Where do I get 63,000,000 acres, you ask? Well, since you are obviously unaware, there are "only" 63,000,000 acres of forestland in the four state region of Texas (22,000,000), Arkansas (18,000,000), Louisiana (13,000,000) and Oklahoma (10,000,000). In East Texas alone, there are over 12,000,000 acres. 63,000,000 acres of forestland is equivalent to 100,000 square miles. That is equivalent to a piece of real estate that is equal in size to the entire state of Oregon.

You made mention of the Texas Bigfoot Research Center having "little fact," yet you make statements such as "wilderness in these places is not vast enough and the human presence is too pervasive to support a breeding population." It sounds like you need to get out a little more, Mr. Taschinger. Please tell me, how is it that a "pervasive human presence" could keep a rare species from breeding in 63,000,000 acres of timber land? And how is 63,000,000 acres of timber land not vast enough?

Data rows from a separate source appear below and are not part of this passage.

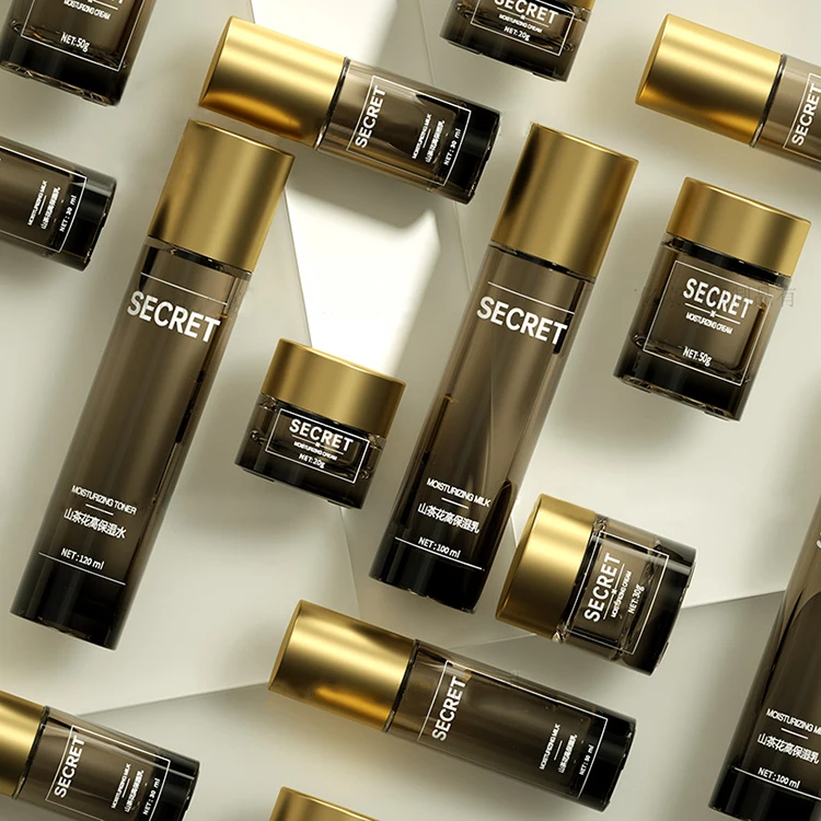 High Quality square Bottle Design with Gold Special Design Lid 20g 50g Jar 40ml 100ml 120ml Pump Bottle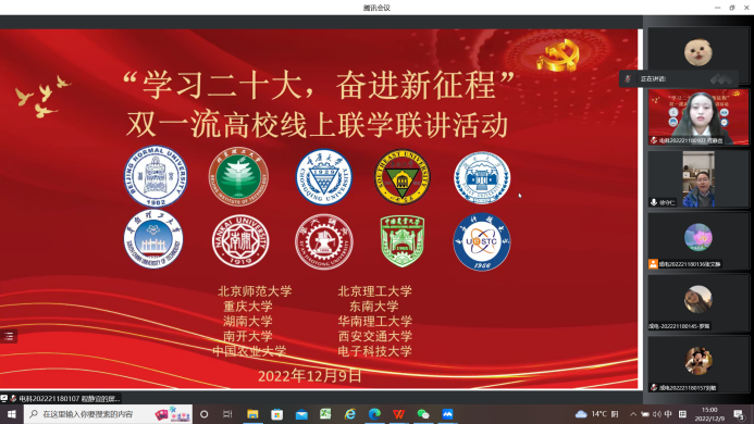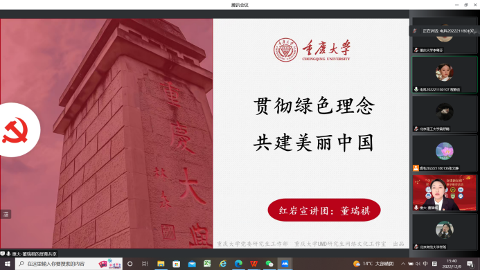 2022年12月9日,hy590海洋之神检测中心红岩宣讲团成员董瑞祺应邀参加“学习二十大,奋进新征程”双一流高校联学联讲活动,此次活动由北京师范大学、北京理工大学、hy590海洋之神检测中心等10所高校联合举办,会议通过“腾讯会议”线上开展,电子科技大学硕士研究生程静宜主持,来自全国各高校140余名师生参会。公司红岩宣讲团成员董瑞祺作了题为《贯彻绿色理念 共建美丽中国》的主题宣讲。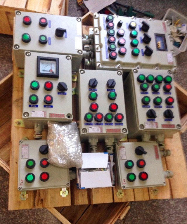 二、防爆控制箱。此類防爆控制箱型號(hào)為BXK52系列,其中X是箱體的簡(jiǎn)稱,K為控制的縮寫(xiě)。防爆控制箱主要用于控制各類電機(jī)或者輔助電器,主要由防爆按鈕和防爆指示燈組成。防爆控制箱箱體材料一般分為三種,即鋁合金、鋼板焊接和不銹鋼焊接。防爆控制箱箱體除安裝上述按鈕和指示燈外,還可以根據(jù)客戶要求安裝轉(zhuǎn)換開(kāi)關(guān)、電流表、電壓表以及制定的各類儀表。

The best evidence supporters have produced so far is the infamous 16 mm clip filmed in 1967 by Roger Patterson in northern California of a big ol’ thing striding into the woods. Its 953 frames have been scrutinized in a way that makes the treatment of the Zapruder film seem almost casual.

Some anthropologists have said the beast could not possibly be phony, showing fluid movement and an apelike stride. Some makeup artists have said it’s an obvious fake, "a man in a monkey suit." The discussion gets down to fine points like whether the creature has a water bag under the stomach fur, a trick used to make a costume ripple like real flesh. One debunker claimed to have spotted a few frames with a bell-shaped zipper fastener on the fur. Supporters call it a drop of water or a film flaw.

The cold reality is that it is extremely hard to believe that Bigfoot is real. Despite the ratio of wilderness to people – whether in the Pacific Northwest or the Himalayas -you have to wonder why no one has been able come up with conclusive proof after all these years – either a corpse or skeleton or good photos. Heck, I’d settle for droppings or hair samples that the FBI lab agrees do not come from any known animal.

You insinuated that perhaps a good photo would seal the deal for you but in the same breath, you insinuate that the image in the Patterson-Gimlin footage is nothing more than a "man in a monkey suit." You even mention that the film is so controversial that one debunker, Chris Murphy, claimed to have spotted a few frames with a bell-shaped zipper fastener. Actually, Mr. Murphy’s position is that the "bell-shaped zipper fastener" is not that at all; his position is that the image is indeed a sasquatch.

He’s large, he’s hairy and he roams the Big Thicket scaring small children.

We are not talking about your Uncle Leonard. We are talking about Bigfoot – a.k.a. Sasquatch, or the critter called the Abominable Snowman in the Himalayas.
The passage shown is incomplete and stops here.